Ebizo is on cruise control for much of the night, especially in some of the less inspired fight scenes. He tends to mistake posing for acting. Much was made of his lightning shifts from character to character (he played six roles) and costume to costume, but not all was technically accomplished – someone needs to have an emperor’s-new-clothes talk with him about the early swordfight where he plays both sides at once, where the switches back and forth were far too obvious. It became tiresome after a while.

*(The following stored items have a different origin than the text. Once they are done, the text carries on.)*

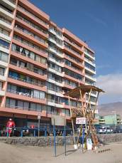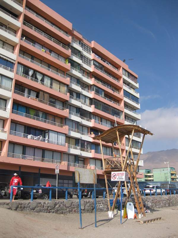 Nach mehr als 30 Stunden Fliegen und Warten auf Anschlussflüge kamen wir müde aber glücklich am Mittwoch 06.10 in Iquique, Chile an. Es hat ein bisschen Verwirrung gestiftet, dass der von der Sprachschule versprochene Abholservice nicht da war. Aber am Ende haben wir es geschafft mit einem "schwarzen" Taxi zu unserer Gastmutter zu fahren -mit einem Fahrer, der dann nach der 40-minütigen Fahrt auf keinen Fall Geld von uns annehmen wollte... Wir mussten dann nur einen "Gutschein" unterschreiben ohna Angabe jeglicher persönlicher Daten. Unsere Gastmutter wartete schon vor dem Gebäude auf uns und hat uns ganz herzlich begrüßt. Der Turm is direkt am Strand! Unser Zimmer in Rebecca's Wohnung hat einen Balkon mit Meerblick -wir können den Ozean nachts sogar riechen...
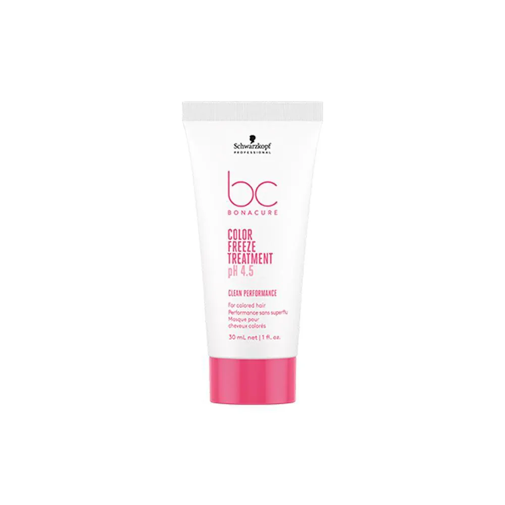 Máscara para Cuidado da Cor Brilho Schwarzkopf Professional BC Bonacure Color Freeze promove cuidado profundo para reparar intensamente os cabelos coloridos e traz de volta o nível de pH ideal de 4.5 aos fios. Ajuda a reduzir o frizz e suaviza a superfície do cabelo, além de adicionar brilho para uma cor vibrante e duradoura. A linha Color Freeze para cabelos coloridos reequilibra a estrutura do cabelo para um nível de pH ideal e protege a cor do cabelo, evitando o desbotamento. * RESULTADO: Cuidado da Cor * SUGESTÕES DE USO: 1.Aplique a máscara após a lavagem com o shampoo; 2.Distribua mecha por mecha; 3.Deixe agir de 3 a 5 minutos; 4.Finalize enxaguando abundantemente. * OBSERVAÇÕES: Imagem Meramente Ilustrativa * ITENS INCLUSOS: 1 Schwarzkopf Professional BC Bonacure Color Freeze Máscara para Cuidado da Cor 30ml
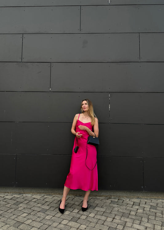 Fuksijas krāsas kleita uz lencītēm

He did a very good job, however, in the dramatic scene in one of his roles where he kills his wife, the proprietress, in a tragic misunderstanding. Partly because her character was so well drawn, the scene was intense and effective (offsetting the dubious device that saw his murdered and mutilated body come back to life thanks to a magic amulet). As he weeps bitterly and cradles her dying body in his arms, it was hard not to think about the actor’s own wife, a well known TV announcer, who was lost to cancer less than a month ago. Whether or not that was a factor, it was the one time where he seemed to be feeling the lines rather than proclaiming them. That’s the Ebizo I’d like to see more of. He also performed energetically as the villain in the final showdown, though in the end it was little more than a simple stage picture.

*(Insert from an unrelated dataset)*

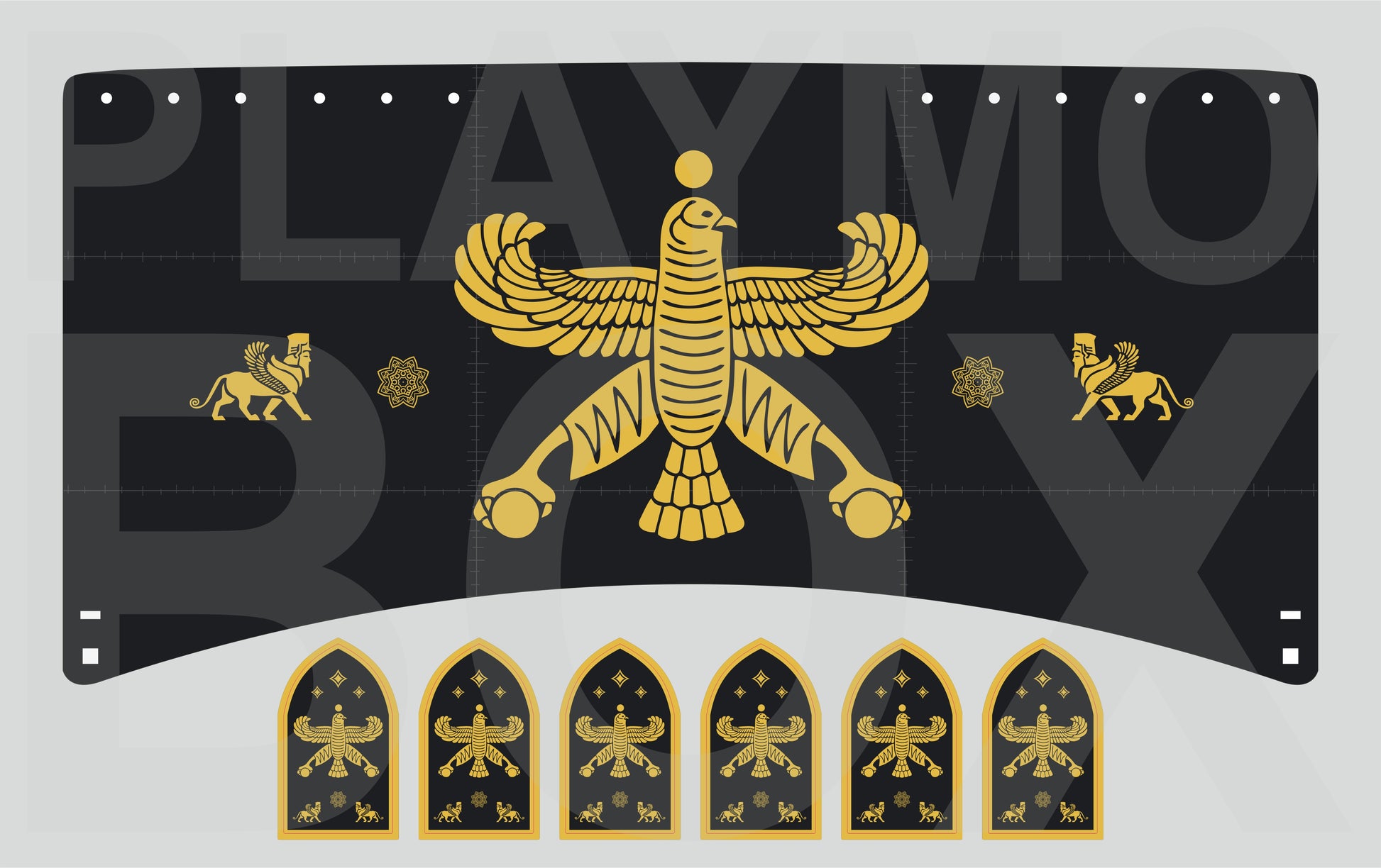 Διέσχισε τα βασιλικά νερά της αυτοκρατορίας υπό την ευλογία του Φαραβαχάρ και τη φλόγα της αιώνιας αλήθειας. Αυτό το premium αδιάβροχο σετ πανιού και αυτοκόλλητων φέρει αχαιμενιδικά και αυτοκρατορικά μοτίβα: φτερωτούς φύλακες, ζωφόρους με άνθη λωτού και παλαμέτες, εμβλήματα λέοντα–ταύρου και το λαμπρό σύμβολο της βασιλικής εξουσίας. Εμπνευσμένο από τις τελετουργικές γαλέρες και τα ταχέα πολεμικά σκάφη του αχαιμενιδικού στόλου, από την Αίγυπτο έως την Ιωνία, το διπλής όψης πανί αποπνέει ταυτόχρονα αυτοκρατορική μεγαλοπρέπεια και θαλάσσια ισχύ. Είτε συνοδεύει φόρους από μακρινές σατραπείες, είτε περιπολεί τις Θάλασσες του Βασιλέως, είτε τιμά το θέλημα του Μεγάλου Βασιλέως, το Playmobil σκάφος σου μεταμορφώνεται σε πλοίο της αυτοκρατορίας — κληρονόμο των Πασαργάδων, των Περσέπολης και της αρχαίας περσικής μεγαλουργίας.

Ebizo’s four-year son made a memorable debut. He entered from the hanamichi in a fox suit and had to walk along its full length all on its own with the audience staring at him on each side as the rest of the cast waited on stage. He was then hoisted with his father into the air, over the audience’s heads and up to the fourth floor, which could not have been easy for a kid that age (he’s the youngest to have ever performed a flying stunt). He did it all with aplomb to the delight of the audience, waving back at them as he passed by and beyond the balcony in a forgivable break from character. Stage debuts can be at any age, but I imagine they hastened it for Ebizo’s son in hopes that his mother could see him, which sadly didn’t happen.
The show offers plenty of spectacle – a boat that is rowed across stage, a collapsing temple, bursts of flames, a revolving stage, falling cherry blossoms (three times, including twice on the audience), flying gods, an exploding fountain of coins, impressive gymnastics, rapid costume and role changes, large-scale cast and sets – but not much heart to go with it. Some of the antics, like the hopping tengu demons (in terrible costumes) and eerie lighting effects during the god’s appearance, smelled of desperation. Staging effects shouldn’t be used as a substitute for plausible characters and a good story. There were some nice bits of humor, like the hamburger that pops out at one point (“I would have preferred a shrimp (ebi) burger” – a reference to Ebizo). So all was not lost. Still, while there’s no knowing the details of the original drama (Kabuki scripts from those days don’t exist), it was clearly rewritten from a 21st-century sensibility, such as the gay role and the notion that Daemon wants to take over the whole of Japan, an idea inspired more by Hollywood than Kabuki. A lazy and unsatisfactory show.